We have also studied systems with very flexible filaments with ℓp ≈ 0.01 μm. This may appear pointless, since such filaments have no biological relevance. In fact, it is extremely useful to vary filament stiffness since any proposed mechanism for motility should also account for the filament stiffness dependence.
Fig. 6 shows that although filament stiffness does not affect the speed at sufficiently small loads, as noted previously in Lee and Liu (12), it affects the force-velocity relation significantly at higher loads. In particular, the constant behavior of V with load at small loads is a feature of stiff filaments that disappears for floppy filaments with ℓp ≈ 0.01 μm.
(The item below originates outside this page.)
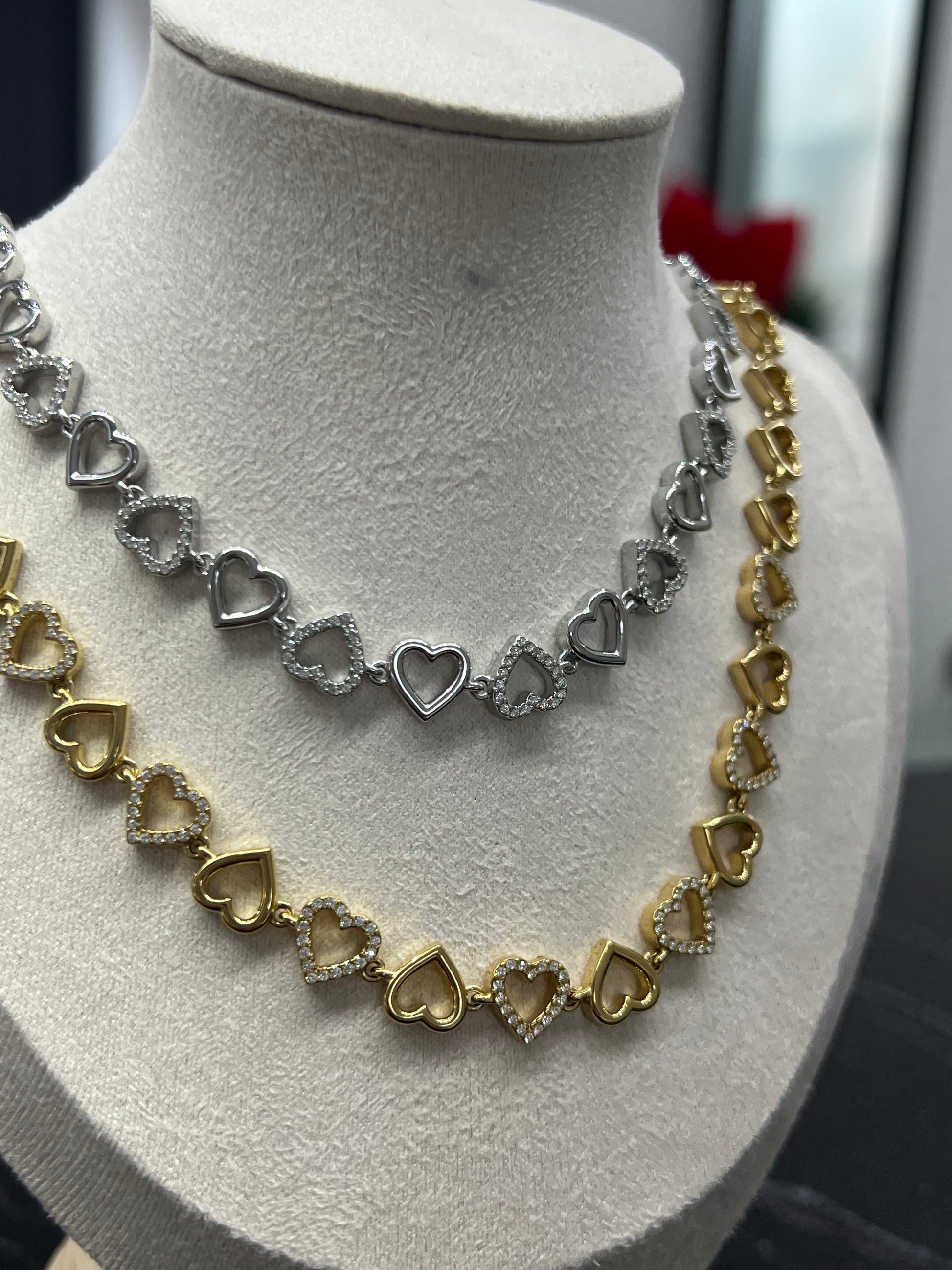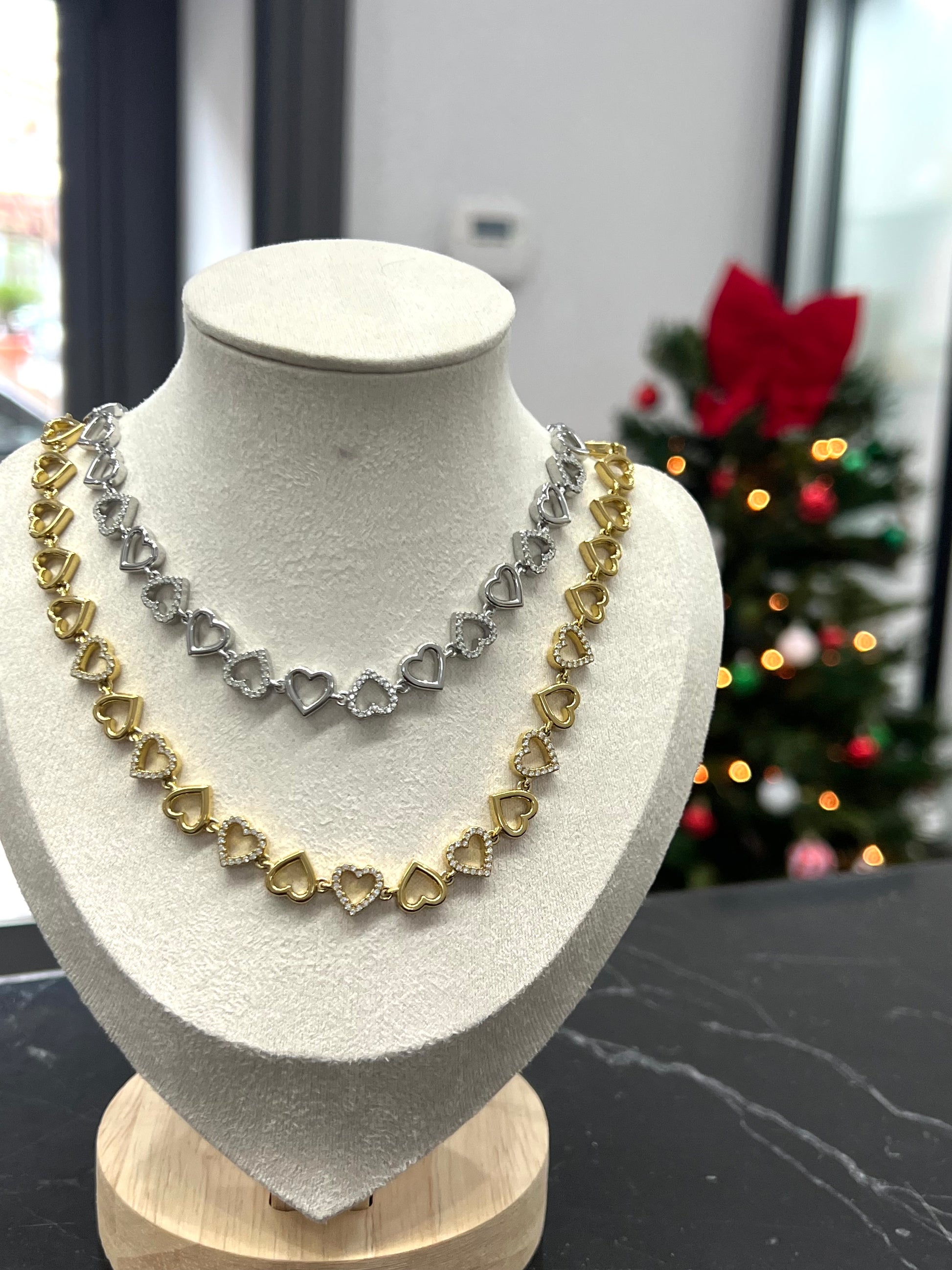Collana in acciaio inossidabile con cuoricini lisci e cuoricini con strass

The shape of the velocity-force curve is now concave upwards for floppy filaments. In addition, we find that the stall pressure increases with filament stiffness.
Figure 6.
Disk velocity as a function of applied load for stiff filaments with persistence lengths of 0.1 μm (●), 1 μm (○), and for flexible filaments with a persistence length of 0.01 μm (□). For flexible filaments, the velocity decreases steadily with increasing load, whereas for stiff filaments, the velocity is initially constant.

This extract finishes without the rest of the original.